Modulating The Pace Of Your Screenplay

Pacing is the adrenaline shot of the screenwriting process.

It is often defined by genre and is essential to maintaining audience interest because it influences plot. Think of it as the Federal Reserve modulating interest rates to control the economy. Terms such as an “overheated” or “depressed” can be also applied to your screenplay.

Don’t let your script flatline.


Avoid bland scripts lacking in highs and lows or differences in emotional energy.

The pace of your story undulates, but be wary of being inconsistent and disorienting your audience. Even high-octane action films need moments of peace to give your audience respite. Similarly, your gently rolling drama needs some action to jolt your audience.

The main issues with pacing is that variety is required to bait, hook and keep your audience invested in your story. You rotate your exercise regimen for the same reason. Haphazard, inconsistent quantum plot leaps will confuse and disconnect your audience. Therefore, ensure there is a prevailing pace in your story to anchor them.

You will also notice the natural change in pacing rhythm in your story as they key structural points are reached; the hero’s natural world, the call to adventure, the rising tension, the climax, the hero’s low point, the resolution and the hero’s transition and acceptance of their new world. Draw a graph with these plot points demonstrating the change in energy levels.

The milestones of your hero’s journey drive the pacing, especially in the second act when the hero battles to achieve his goals. There must be an urgency to their action, defined by either a TIME LOCK (running out of time) or an OPTION LOCK (running out of choices), causing the hero to fail if neither is achieved.

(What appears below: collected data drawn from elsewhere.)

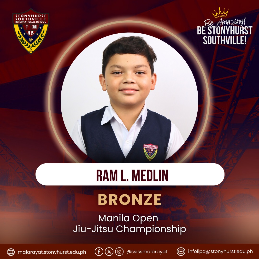 Stonyhurst Southville International School β Malarayat proudly celebrates Ram L. Medlin for achieving a Bronze Medal at the Jiu-Jitsu Championship, demonstrating exceptional skill, discipline, and determination.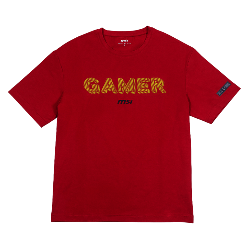 - El logotipo dorado “GAMER” en serigrafía con tinta de alta densidad crea una declaración contundente. El lema “TRUE GAMING” en la manga expresa tu auténtico espíritu gamer.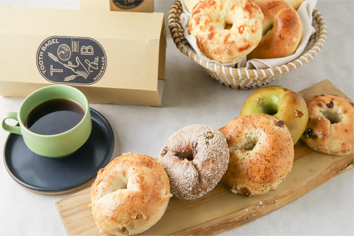 熱湯を入れて捏ねる湯種製法ならではのもちもち食感と、素材の味わいを同時に楽しんでいただける TOOTH TOOTHベーグル全種類の贅沢なラインナップ。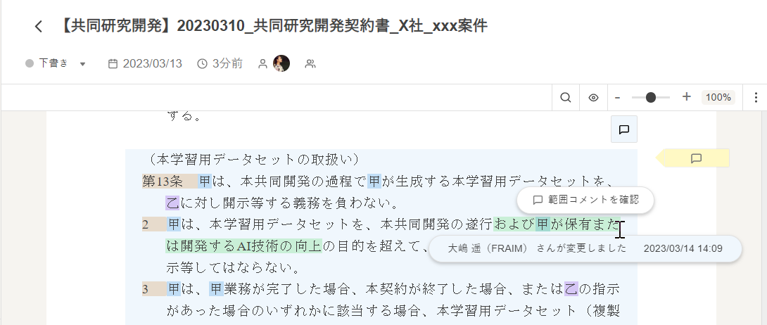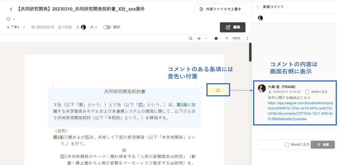 コメントがある条項には黄色い付箋が貼られ、付箋をクリックすると画面右側でコメントの内容を確認できます。
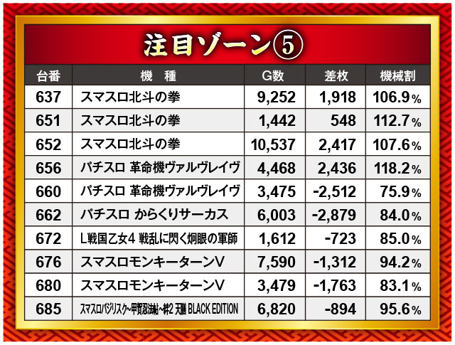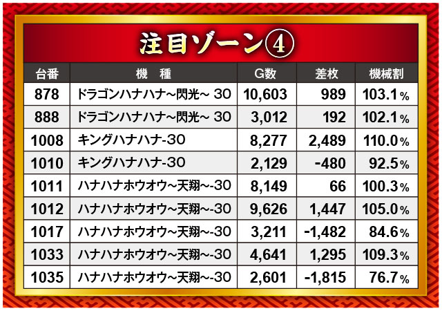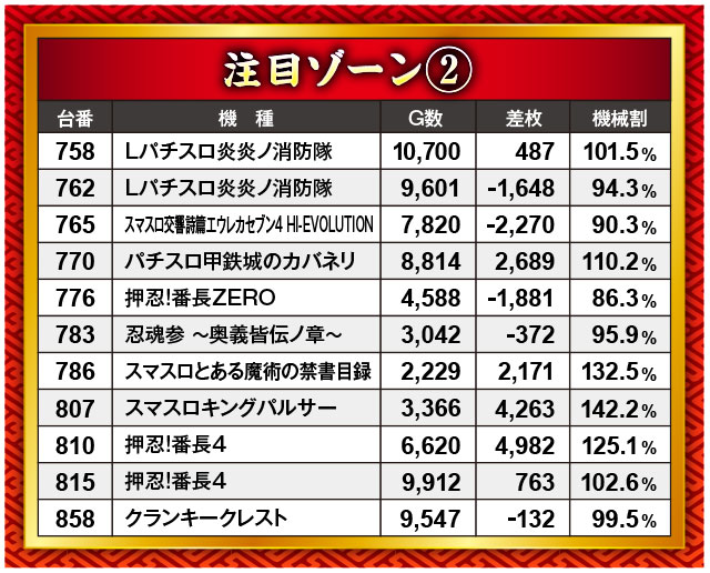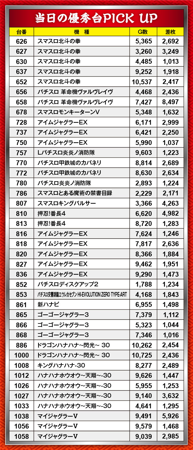 『押忍!番長4』と『スマスロキングパルサー』が揃って4,000枚オーバーを果たしたこのブロック。それ以外にもプラっている台が多く、確実に優秀台が潜んでいたのがうかがえた。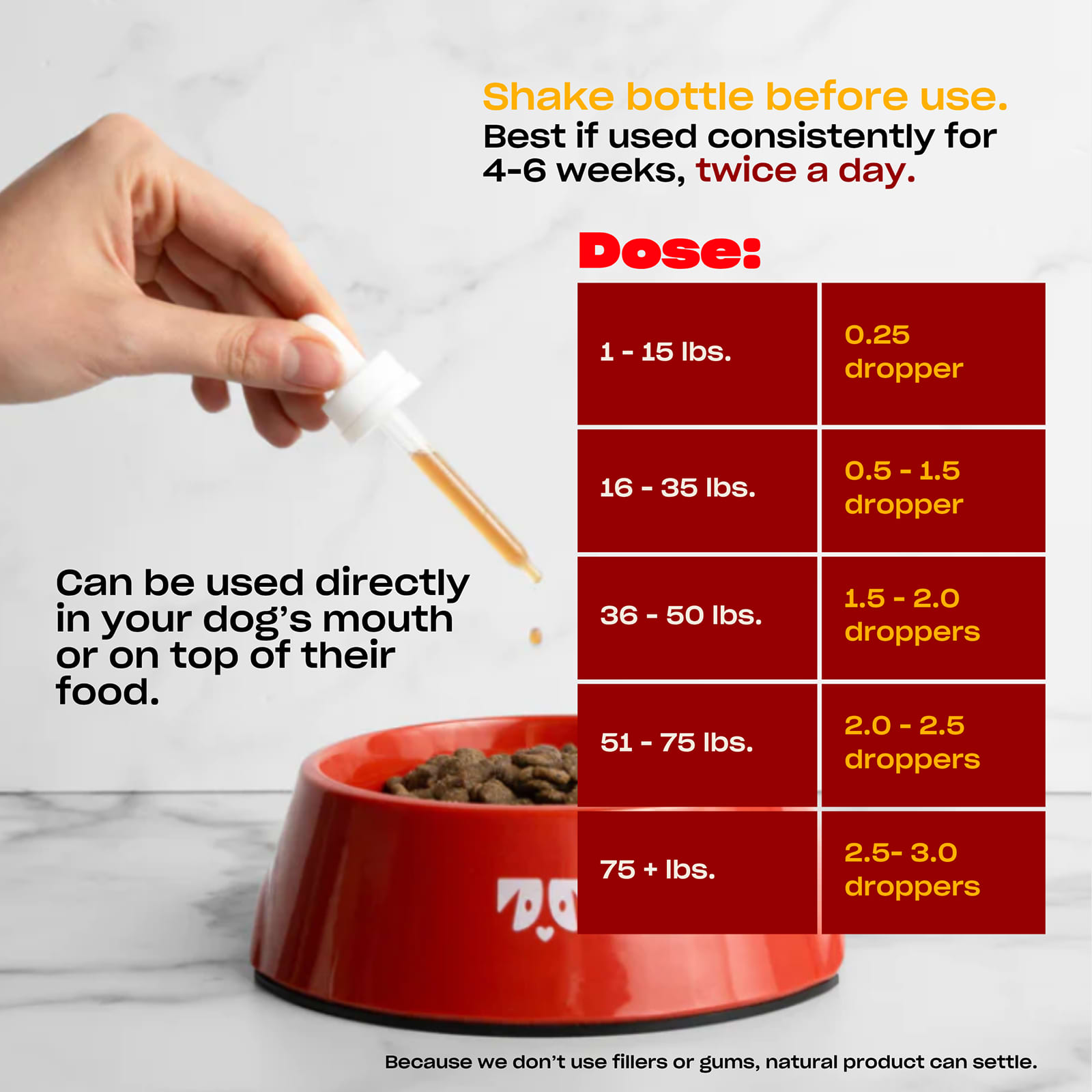 Хорошо встряхните перед использованием. Возможно выпадение осадка. Следуйте таблице веса для получения нужной дозы или следуйте рекомендациям ветеринара. Применять дважды в день. Это минимальная доза. Можно принимать во время или после еды.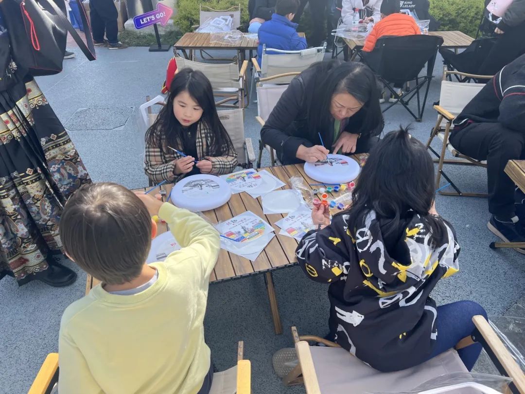 现场,大家体验了油罐主题的飞盘涂鸦,各组家庭摩拳擦掌,拿起画笔、调起颜料,在工作人员提供的参考图的基础上,尝试将油罐元素融入飞盘设计中,勾勒出自己心目中油罐和老厂房的形状。不一会儿,一幅幅作品就大功告成,大家纷纷与自己DIY的作品合影留念。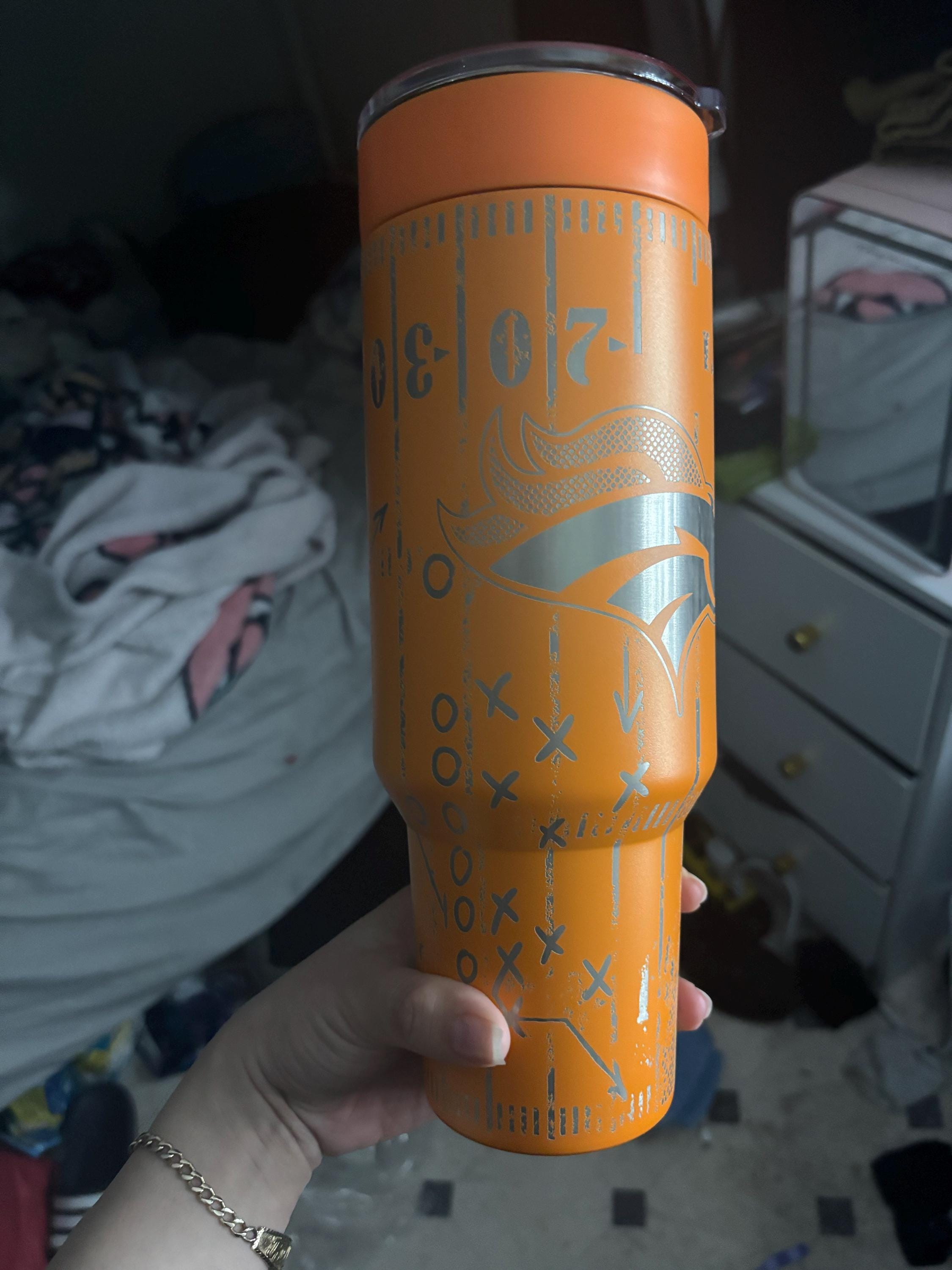 Show your Denver pride with this bold 40oz laser-engraved Broncos tumbler β the ultimate cup for die-hard fans!

Excessive exposition can also hamstring your pacing. You don’t want to spend forever reading the instructions. You just want to play the game. If your script gets flaccid, add a shot of story viagra. Slow pacing is more often a problem when not enough is happening in your script.

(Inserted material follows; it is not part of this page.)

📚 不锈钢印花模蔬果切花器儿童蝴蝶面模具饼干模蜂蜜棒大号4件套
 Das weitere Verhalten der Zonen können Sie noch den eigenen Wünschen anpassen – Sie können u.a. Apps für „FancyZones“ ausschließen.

Many films typically start with a high-impact scene to bait the audience, followed by a fall in pace to give them time to catch their breaths before the next explosion.

Think about how to convey changes to pacing in your movie script. A few lines of text suggests low-paced action, while capitalized one or two word lines indicates the opposite. Also diereses and dashes can modulate speech patterns.

Consider the following script format:


Jason SPRINGS around and COCKS his gun.


He FLICKS the light on and SHOOTS.

Mix and match. Jumble it up. Just don’t make it a dog’s breakfast.